### WORK ITEM
Please repeat the entries exactly as they appear and omit any images.

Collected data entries
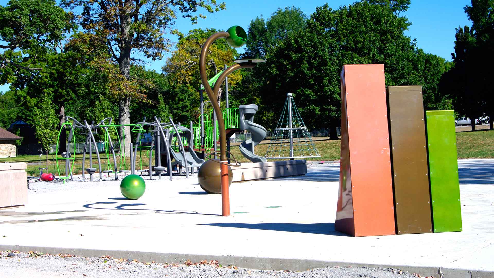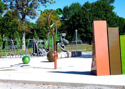 A splashpad, a new playground structure and two sand volleyball courts were added to enhance play value for young and old alike.
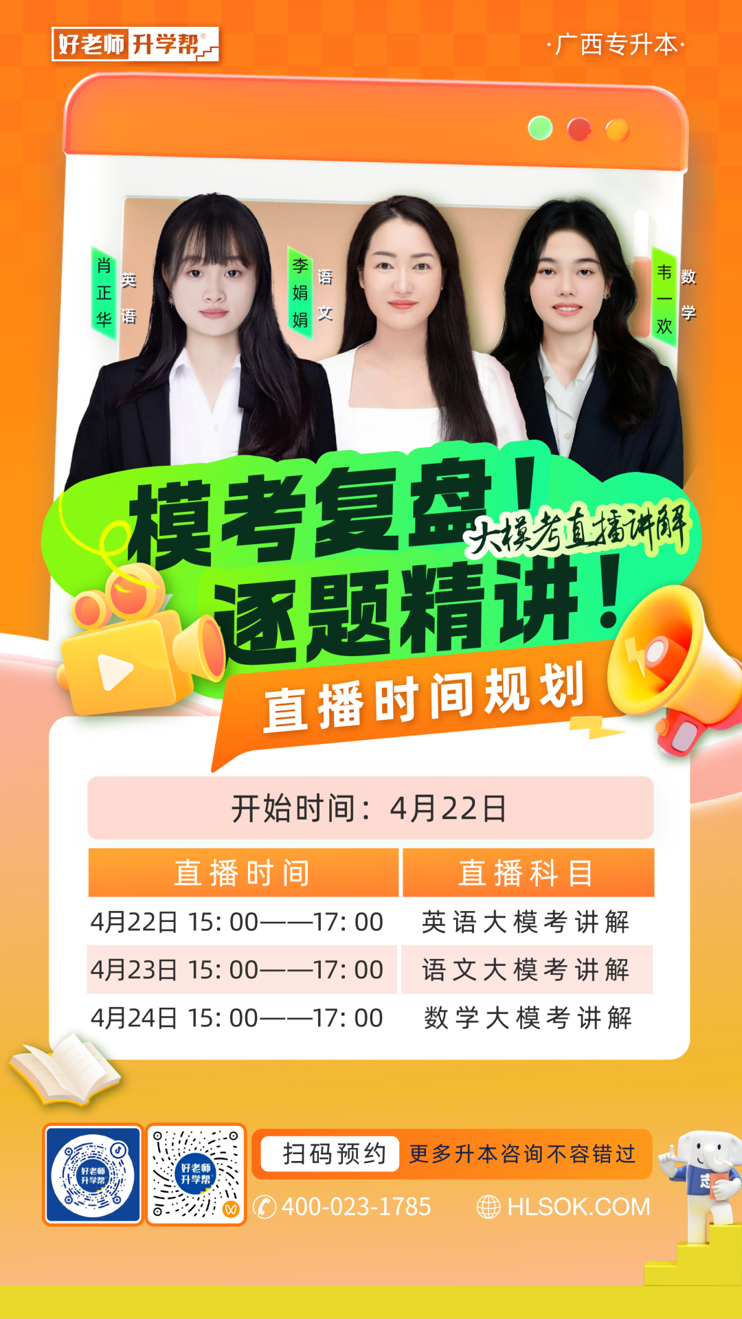 本次直播覆盖核心题型、模考复盘、考点梳理三大核心阶段,贴合专升本考生考前全需求,拒绝无效复习,每一场都是干货满满的 “备考专场”!
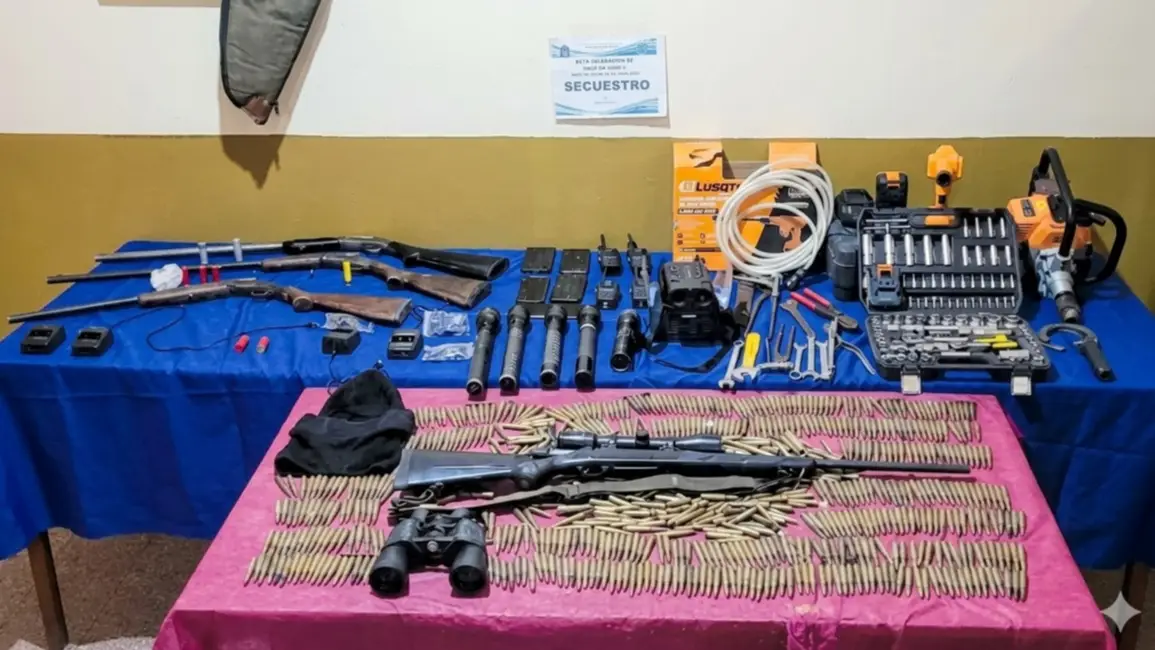uno de los procedimientos más relevantes se llevó a cabo en el galpón, departamento metán, donde seis hombres fueron detenidos por el robo de herramientas en una finca sobre la ruta nacional 16. los allanamientos también se extendieron a río piedras, donde se incautaron armas de fuego, cartuchos, radios y otros elementos clave para la causa.
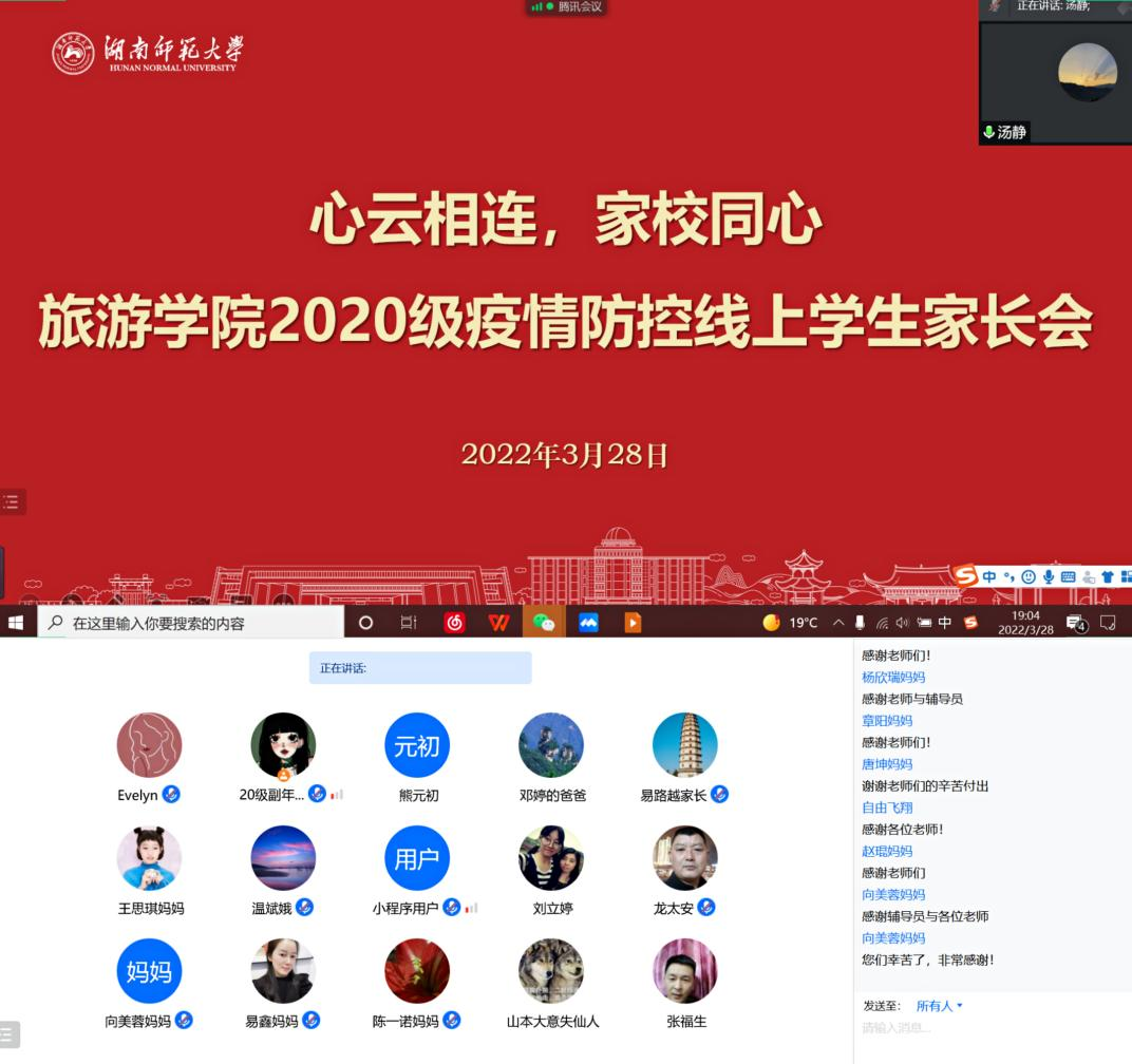 在封校背景下,有重点、全覆盖式了解学生心理困惑和诉求,召集全院心委、寝室长等近400名学生心理骨干召开“防疫心理调适与心理危机干预培训会”,发挥朋辈力量帮助同学们平稳度过情绪爆发期。组织4期“云心相连 家校同心”线上家长会,以图文并茂的形式向家长们汇报校院各项防疫举措,“师大的老师们辛苦了,学校管理有方,我们家长很放心”,真情实感的流露凝聚起同心抗疫的家校向心力。
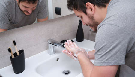 People and body care. Close up man washing hands in a bright bathroom with water, soap and foam under faucet. Everyday hygiene procedures
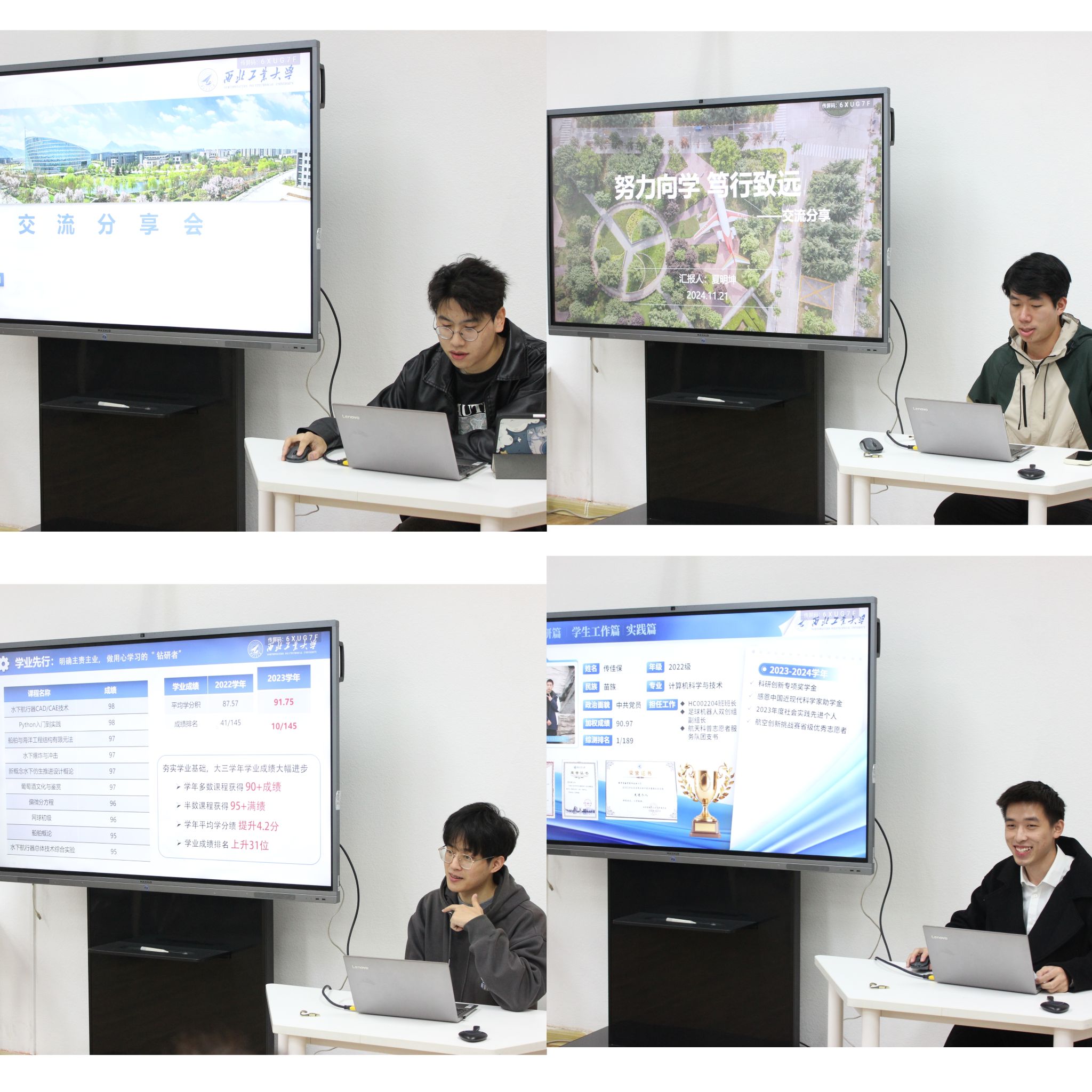 分享会上,优秀学子们围绕多个方面展开深入交流。汪仔豪同学分享了快速适应老员工活的秘诀,强调走适合自己的发展道路的重要性;李旭东同学鼓励大家积极探索个人兴趣和热爱领域,以赛促学,实现理论与实践的有机结合;传佳保同学分享了自己成长探索的历程,鼓励同学们保持积极向上的心态,勇往直前。

### EXPECTED ANSWER
 A splashpad, a new playground structure and two sand volleyball courts were added to enhance play value for young and old alike.
 本次直播覆盖核心题型、模考复盘、考点梳理三大核心阶段,贴合专升本考生考前全需求,拒绝无效复习,每一场都是干货满满的 “备考专场”!
uno de los procedimientos más relevantes se llevó a cabo en el galpón, departamento metán, donde seis hombres fueron detenidos por el robo de herramientas en una finca sobre la ruta nacional 16. los allanamientos también se extendieron a río piedras, donde se incautaron armas de fuego, cartuchos, radios y otros elementos clave para la causa.
 在封校背景下,有重点、全覆盖式了解学生心理困惑和诉求,召集全院心委、寝室长等近400名学生心理骨干召开“防疫心理调适与心理危机干预培训会”,发挥朋辈力量帮助同学们平稳度过情绪爆发期。组织4期“云心相连 家校同心”线上家长会,以图文并茂的形式向家长们汇报校院各项防疫举措,“师大的老师们辛苦了,学校管理有方,我们家长很放心”,真情实感的流露凝聚起同心抗疫的家校向心力。
 People and body care. Close up man washing hands in a bright bathroom with water, soap and foam under faucet. Everyday hygiene procedures
 分享会上,优秀学子们围绕多个方面展开深入交流。汪仔豪同学分享了快速适应老员工活的秘诀,强调走适合自己的发展道路的重要性;李旭东同学鼓励大家积极探索个人兴趣和热爱领域,以赛促学,实现理论与实践的有机结合;传佳保同学分享了自己成长探索的历程,鼓励同学们保持积极向上的心态,勇往直前。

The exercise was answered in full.